=== Assignment ===
Everything in the listing below except the pictures should be reproduced exactly.

=== Input data ===
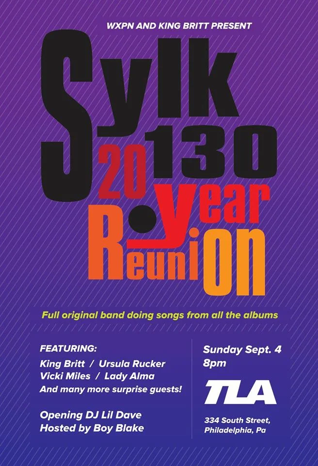 To mark Sylk130’s 20th anniversary, Britt has gotten the old crew back together again for a double-fisted party: Full band show at the TLA, followed by a Back2Basics reunion at their old haunt, Silk City.
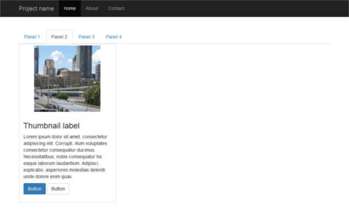 每個在選項卡面板中的網格項目都是用 Bootstrap的網格系統 和 縮略圖組件 建立的。這裡是一個代碼片段來解釋它的結構:
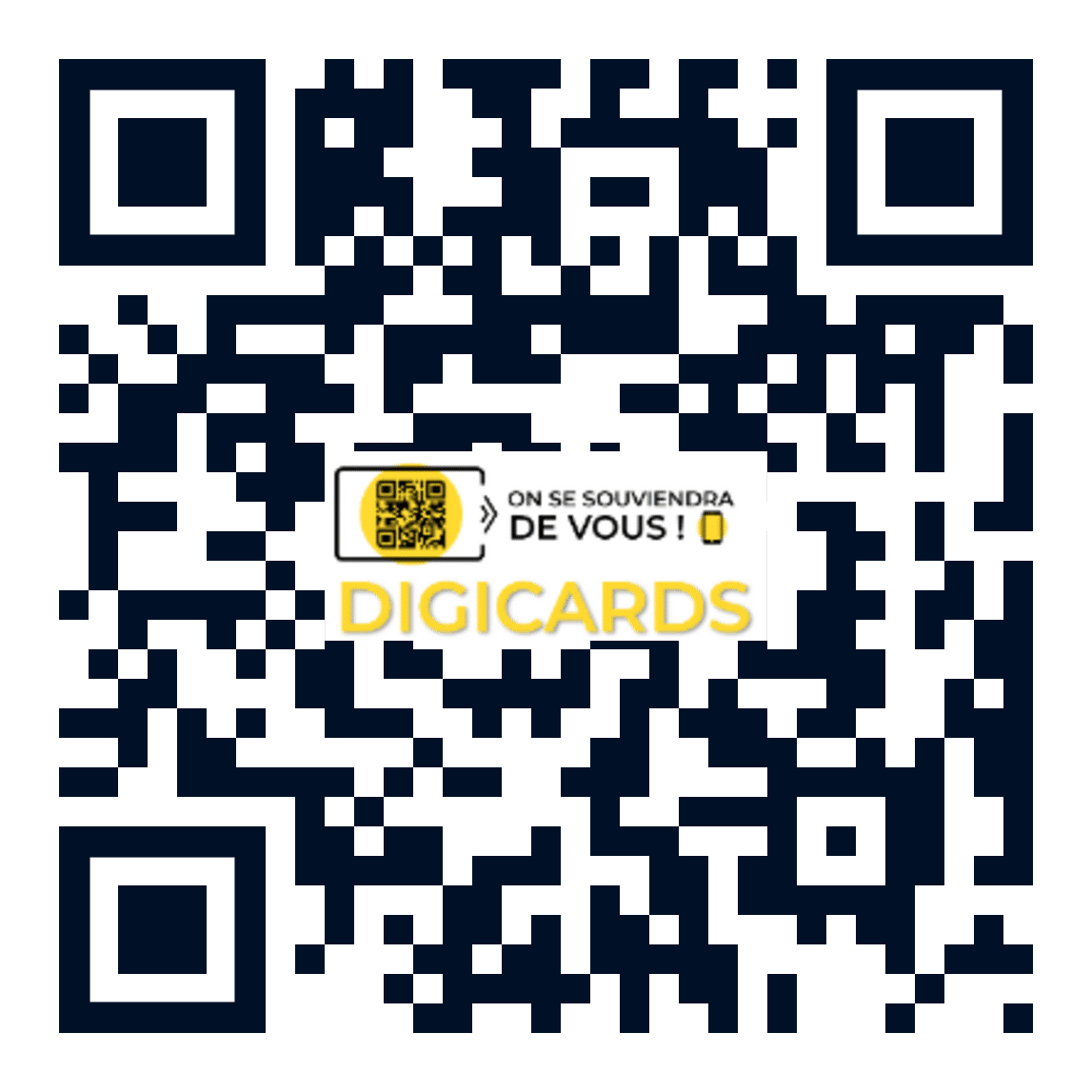 Utilisez ce qr code quand vous n’avez pas vos cartes de visites sur vous. Cliquez sur le lien de votre carte sur votre téléphone, allez en bas de la page et faites scanner ce qr code à votre entourage. Encouragez les ausssi à ajoutez à leurs écrans d’accueil de téléphone votre page !
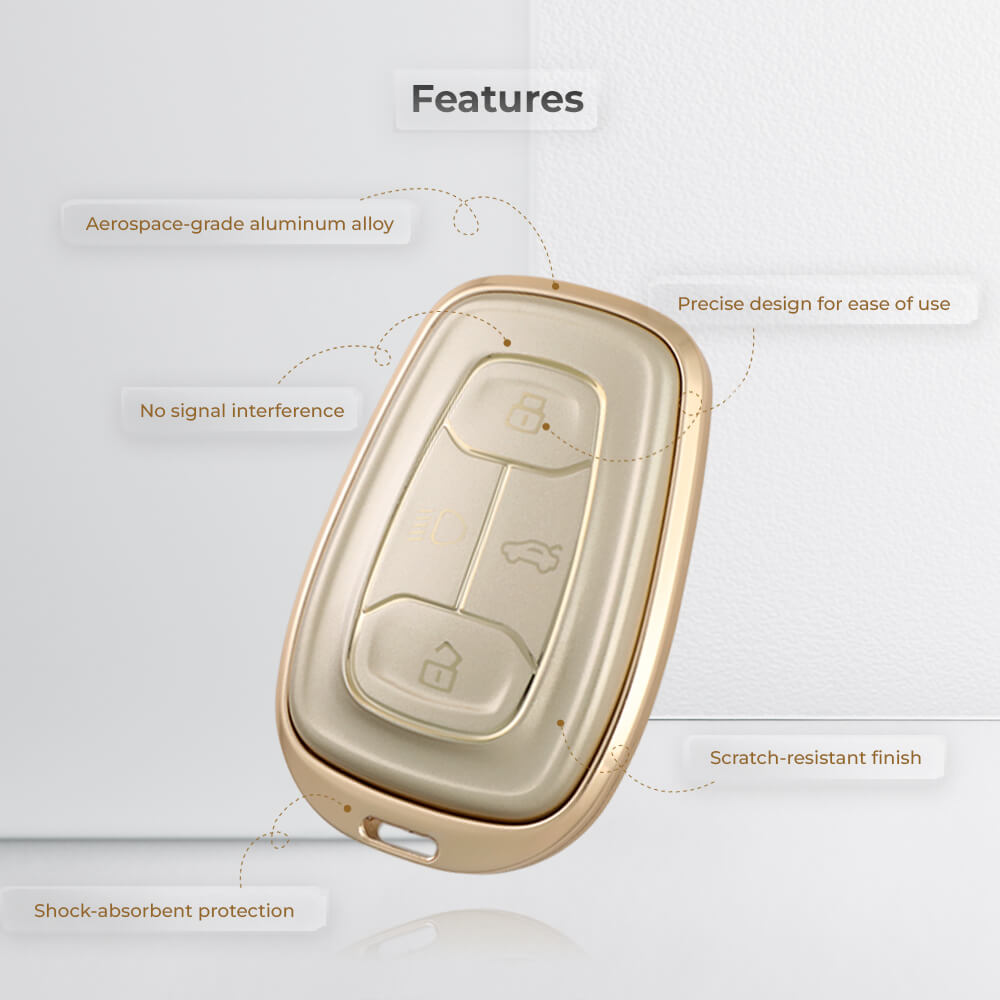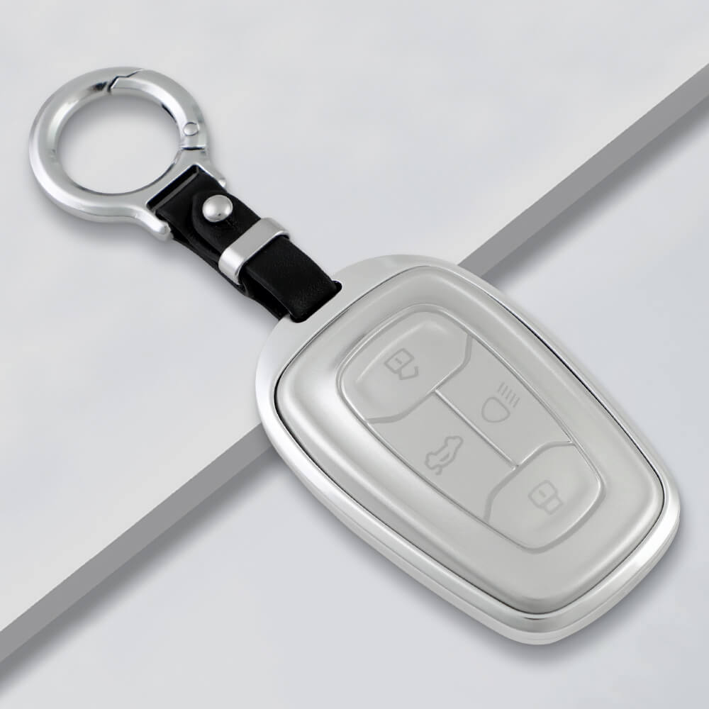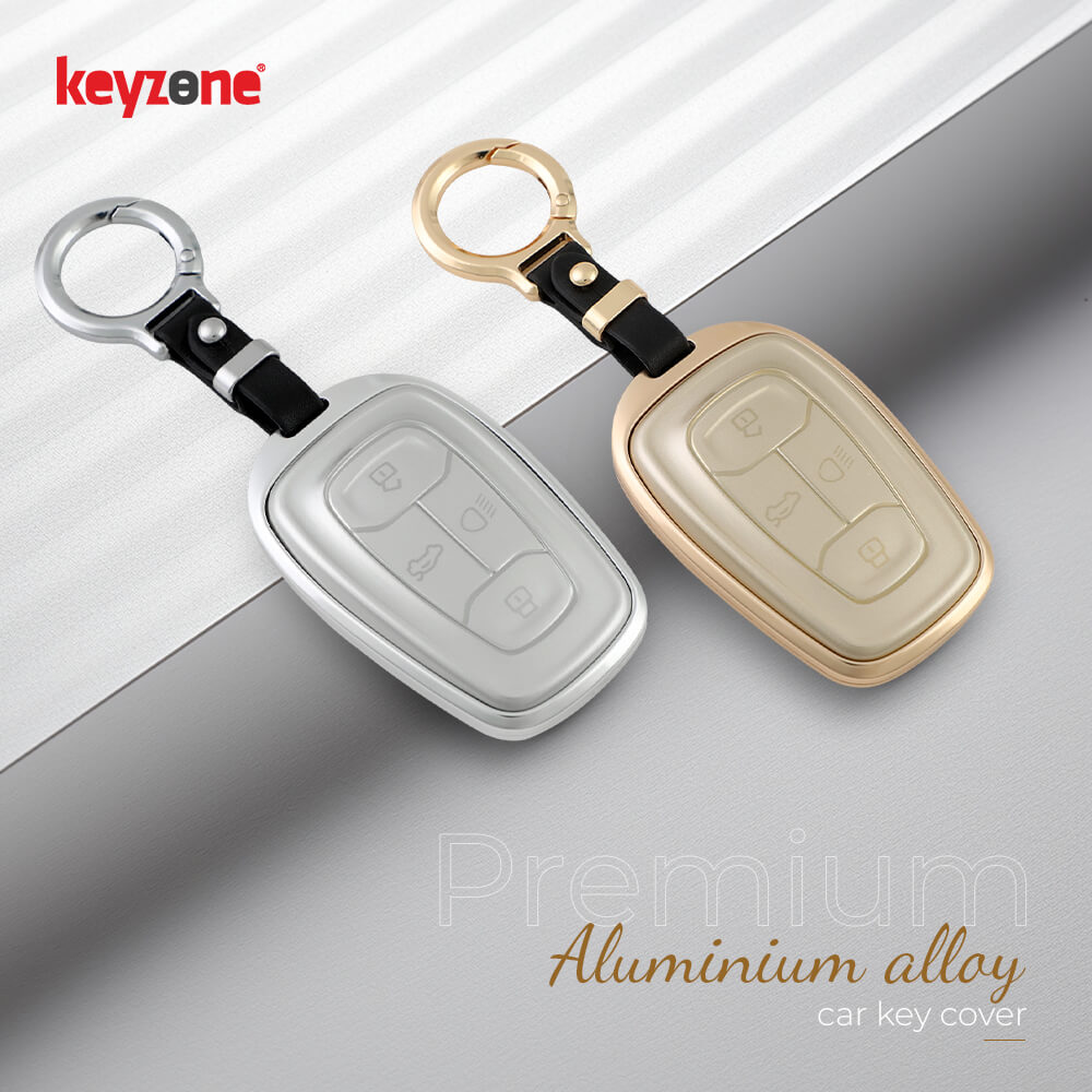 Keyzone aluminium alloy key cover for Nexon, Harrier, Safari, Altroz, Punch, Tigor 4 button smart key (ALM08)

=== Solution below ===
 To mark Sylk130’s 20th anniversary, Britt has gotten the old crew back together again for a double-fisted party: Full band show at the TLA, followed by a Back2Basics reunion at their old haunt, Silk City.
 每個在選項卡面板中的網格項目都是用 Bootstrap的網格系統 和 縮略圖組件 建立的。這裡是一個代碼片段來解釋它的結構:
 Utilisez ce qr code quand vous n’avez pas vos cartes de visites sur vous. Cliquez sur le lien de votre carte sur votre téléphone, allez en bas de la page et faites scanner ce qr code à votre entourage. Encouragez les ausssi à ajoutez à leurs écrans d’accueil de téléphone votre page !
 Keyzone aluminium alloy key cover for Nexon, Harrier, Safari, Altroz, Punch, Tigor 4 button smart key (ALM08)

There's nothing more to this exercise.